What you have to do → With the pictures removed, retype the lines from the one holding "随着台积电继续报告,24年第" through the end of the records, exactly as written.

[Source records]

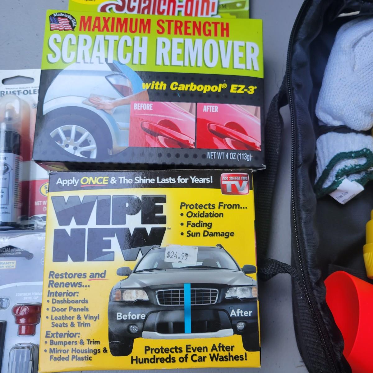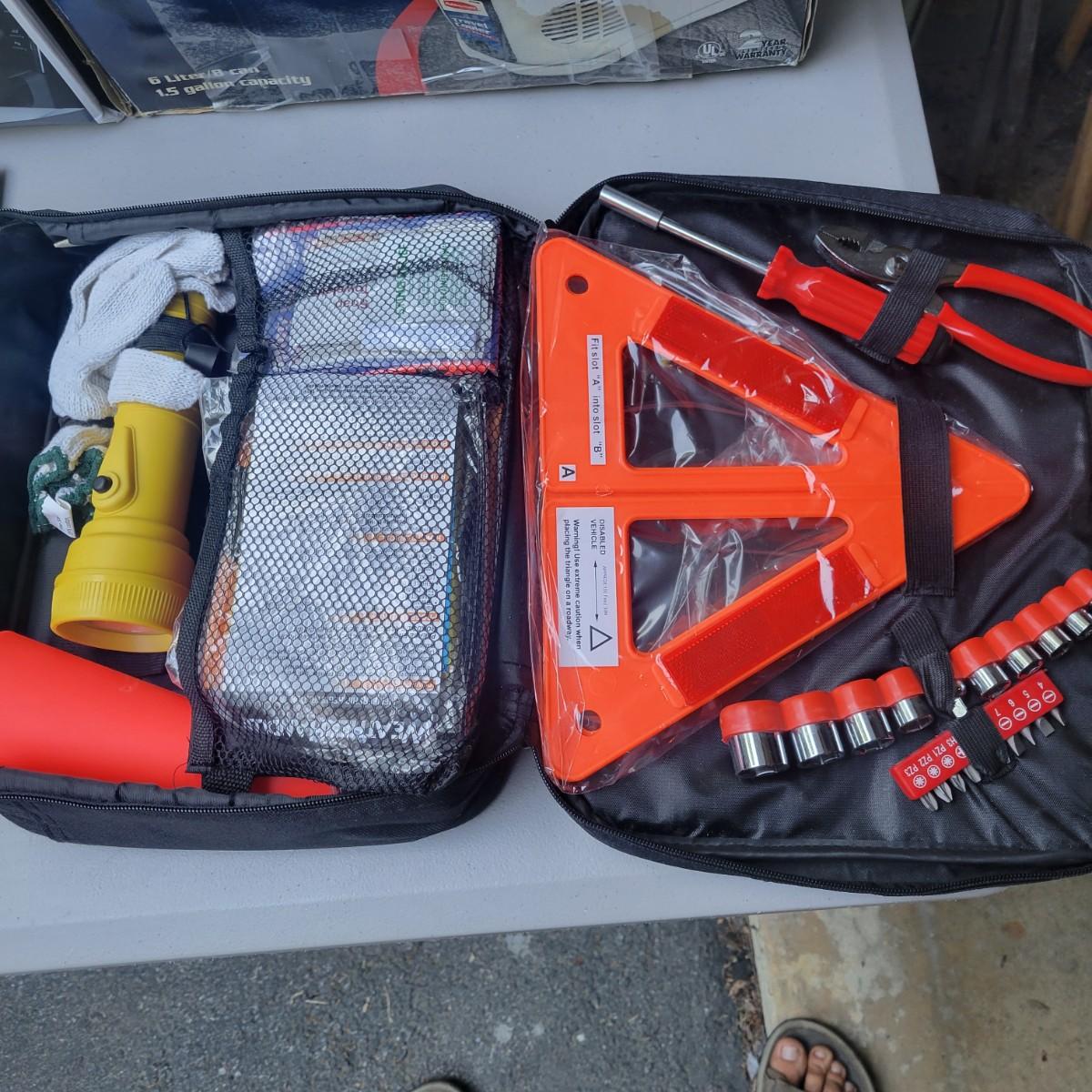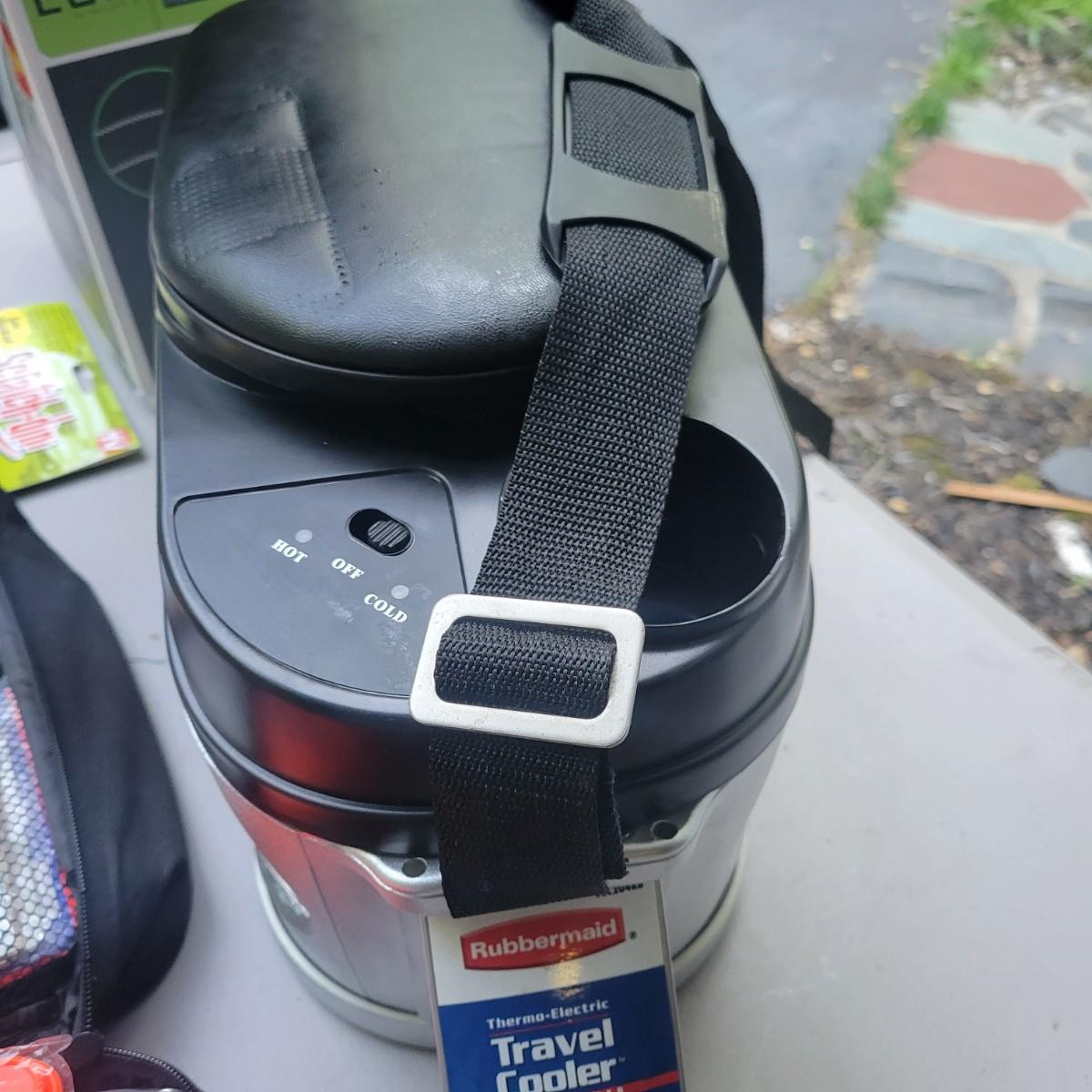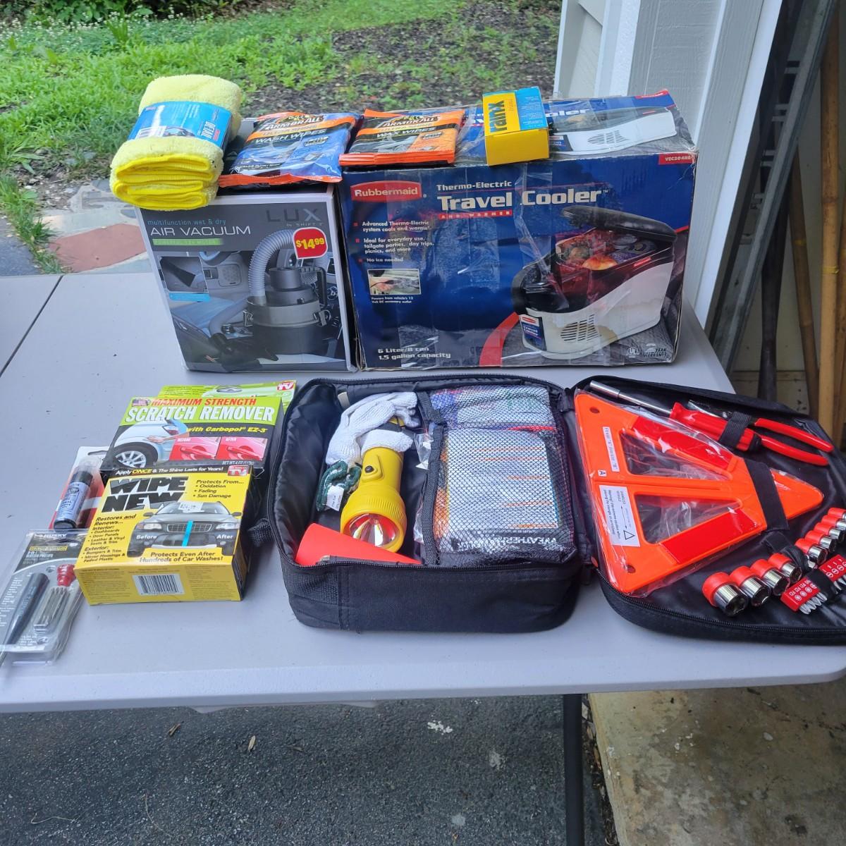 Rubbermaid 6 liter travel cooler and warmer. In original packaging but used. Did turn on when tested. Lux 12v multi function vacuum new and in original packaging. Weather Handler roadside emergency kit. New and unused. Lot also includes wipes, scratch remover and additional items. Local pickup only
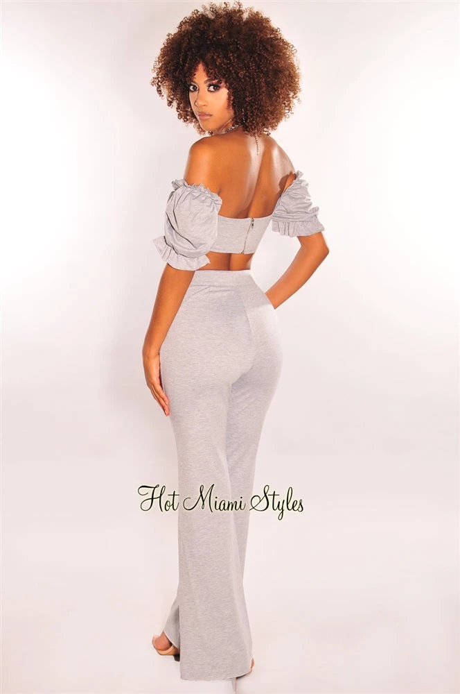This light gray short sleeve two piece set is all the outfit goals! Featuring a bustier underiew crop top with matching high waist palazzo pants to complete the look.
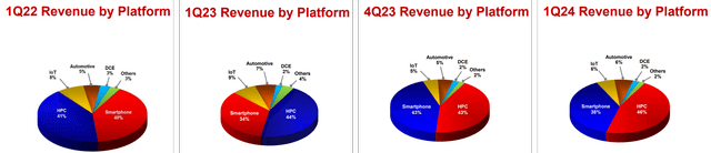 随着台积电继续报告,24年第1季度HPC的收入份额不断增长,达到46%(环比增加3个点/同比增加2个点),很明显,生成式AI需求仍然非常健康,正如该代工厂首席执行官在最新的报告中同样强调的那样财报电话会议:
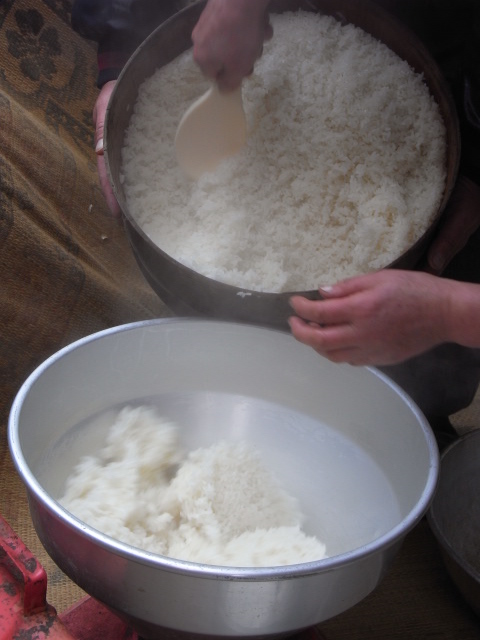 ふっくら仕上がったもち米を、もう30年は使っている古いマシンに投入(笑)
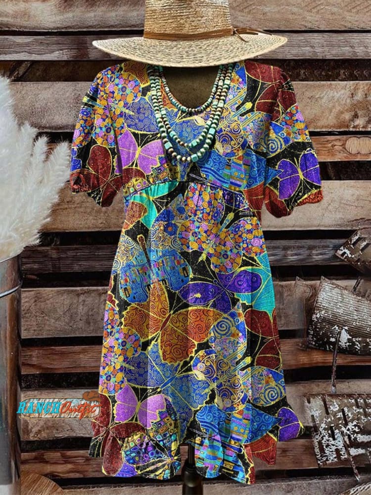 Women's Butterfly Print Pocket Cotton Dress

Result for this exercise →
 随着台积电继续报告,24年第1季度HPC的收入份额不断增长,达到46%(环比增加3个点/同比增加2个点),很明显,生成式AI需求仍然非常健康,正如该代工厂首席执行官在最新的报告中同样强调的那样财报电话会议:
 ふっくら仕上がったもち米を、もう30年は使っている古いマシンに投入(笑)
 Women's Butterfly Print Pocket Cotton Dress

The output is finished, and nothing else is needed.